I just ordered my porter 7424 Dual Action Car Polisher from "Tools Plus" on the web. It cost $99.00 ($6.50 for shipping). This was about $50.00 cheaper than I had seen on other detailing sites.

I also ordered a set of Sonus SFX Polishing kit to go with my polisher ($60.00). So hopefully I am all set.

Would appreciate any thoughts on using these and tips on things to do/avoid when starting out.

One thing I am curious about, do you polish/buff the plastic parts of the car (e.g. bumpers and spoiler) with the same polish/wax/cleaner as the metal bits?

Cheers,

HSV.


----------



## JadedGTO (Jun 25, 2007)

I purchased that same buffer while I was in Carlisle. I finally got a chance to use it the other day and I must say it does a nice job. Much safer than a traditional rotary buffer.

Since the PO didn't properly maintain the finish on our newly aquired '04 purple goat, it had some pretty deep scratches and acid rain marks. (Clay bar the whole car first). 
I used Meguiars "Diamond cut" compound for the intial cut/polishing with the buffer set to #3 to spread the compound around. ( 2'x2' area) Then turned it up to #6 and moved the buffer back and forth very slowly to allow the compound to work. You don't need to put down pressure on the buffer. It works fine with it's own weight. The #6 setting will vibrate the h*ll out of your hands btw. Buff off haze/residue by hand with a microfiber towel.

Then I repeated the same procedure with Meguiars "Cut and Polish" compound. Then used Meguiars "Yellow wax" applied with the buffer set on #2-#3. Let the haze dry then buff off by hand with a microfiber towel.
Then I hit the car with some Qwik Detailer (by hand, no buffer) to clean things up. 

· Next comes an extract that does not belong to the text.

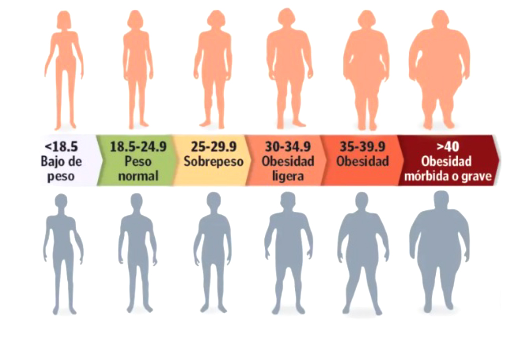 Para conocerlo la Organización Mundial de la Salud (OMS), toma en cuenta la estatura (talla) y el peso, mediante la división de estas dos medidas antopométricas, usando la fórmula del IMC (índice de masa corporal). IMC= peso (Kg)/ talla (m)2 ; por ejemplo si peso 69 kg y mi estatura es de 1.60 m, el resultado es un IMC de 26.95, me dirijo a la tabla para interpretar mi resultado. Es importante indicar que este no hace una diferencia del porcentaje de grasa corporal existente, aplica para mujeres y hombres adultos; mientras que en niños es distinto, en ellos tomamos en cuenta la edad, estatura, sexo, e IMC manejando tablas de referencia, motivo por el cual es necesario acudir a un profesional capacitado.

I did all the painted surfaces on the car the same, spoilers, bumpers, etc. Just stay away from the sharp edges and creases in the body lines and such. You could burn through the paint easily. 

Hope this helps out. I tried to keep it brief as possible. And no I don't work for Meguiars.  Good luck! :cheers


----------



## GTO JUDGE (May 14, 2005)

hsv said:


> Hi All,
> 
> I just ordered my porter 7424 Dual Action Car Polisher from "Tools Plus" on the web. It cost $99.00 ($6.50 for shipping). This was about $50.00 cheaper than I had seen on other detailing sites.
> 
> ...


*Do not polish the black plastic. After cleaning the plastic I apply Stoner's trim shine. This stuff will make old faded plastic bumpers etc look like new. If you cannot find Stoner products, silicone will work on it. i.e. Tire shine. There are a variety of products for plastics out there but do not put wax or polish on it. If you get wax on the plastic under your wipers you will pay hell getting it out. 

I don't have the Porter Cable polisher however in my wood shop I have all Porter Cable power and bench tools. I have a few random orbital sanders I love. If the polisher performs like their woodworking line you'll be more than satisfied. *


----------